• _Given data_:
· · · · ·

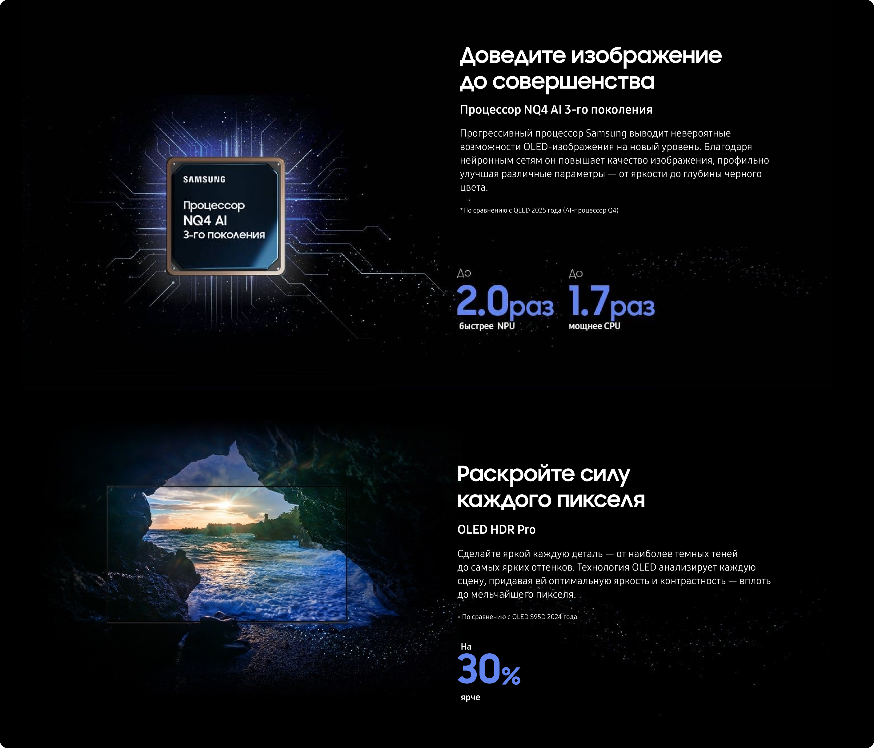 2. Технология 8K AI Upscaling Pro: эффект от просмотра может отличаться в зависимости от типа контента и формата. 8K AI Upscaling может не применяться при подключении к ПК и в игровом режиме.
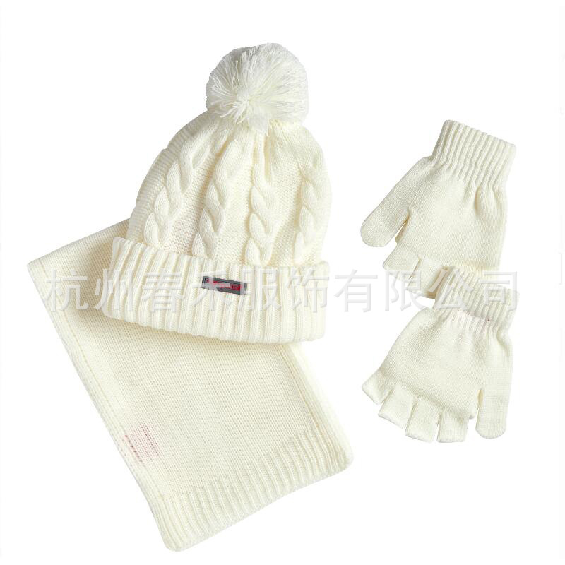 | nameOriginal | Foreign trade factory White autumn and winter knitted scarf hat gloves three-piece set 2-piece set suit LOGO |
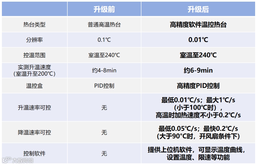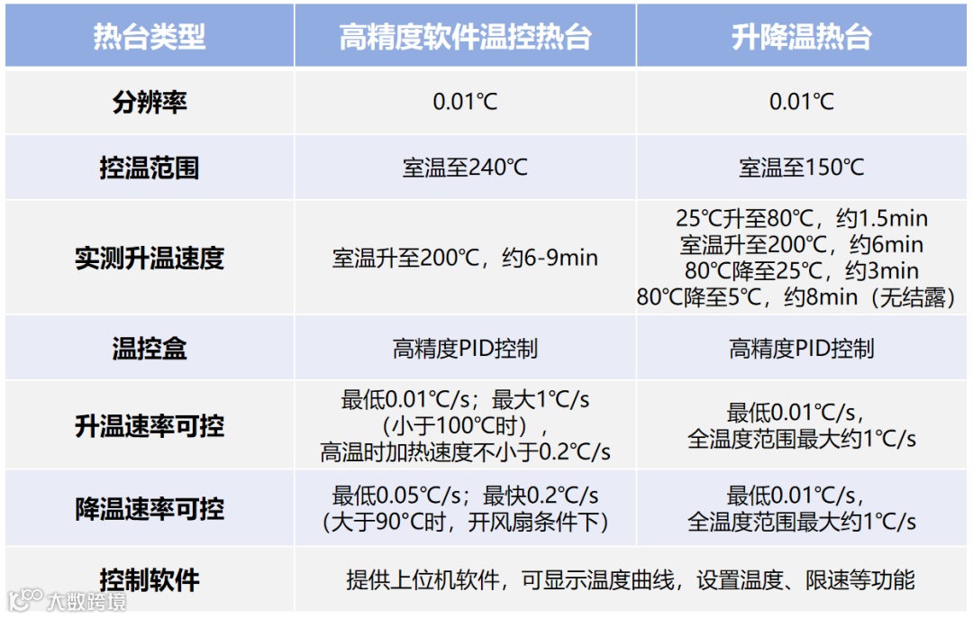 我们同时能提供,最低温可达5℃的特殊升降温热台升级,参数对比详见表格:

· · · · ·

• _What the task requires_:
All of the material shown above needs to be duplicated exactly. Omit every picture.

• _Response_:
 2. Технология 8K AI Upscaling Pro: эффект от просмотра может отличаться в зависимости от типа контента и формата. 8K AI Upscaling может не применяться при подключении к ПК и в игровом режиме.
 | nameOriginal | Foreign trade factory White autumn and winter knitted scarf hat gloves three-piece set 2-piece set suit LOGO |
 我们同时能提供,最低温可达5℃的特殊升降温热台升级,参数对比详见表格:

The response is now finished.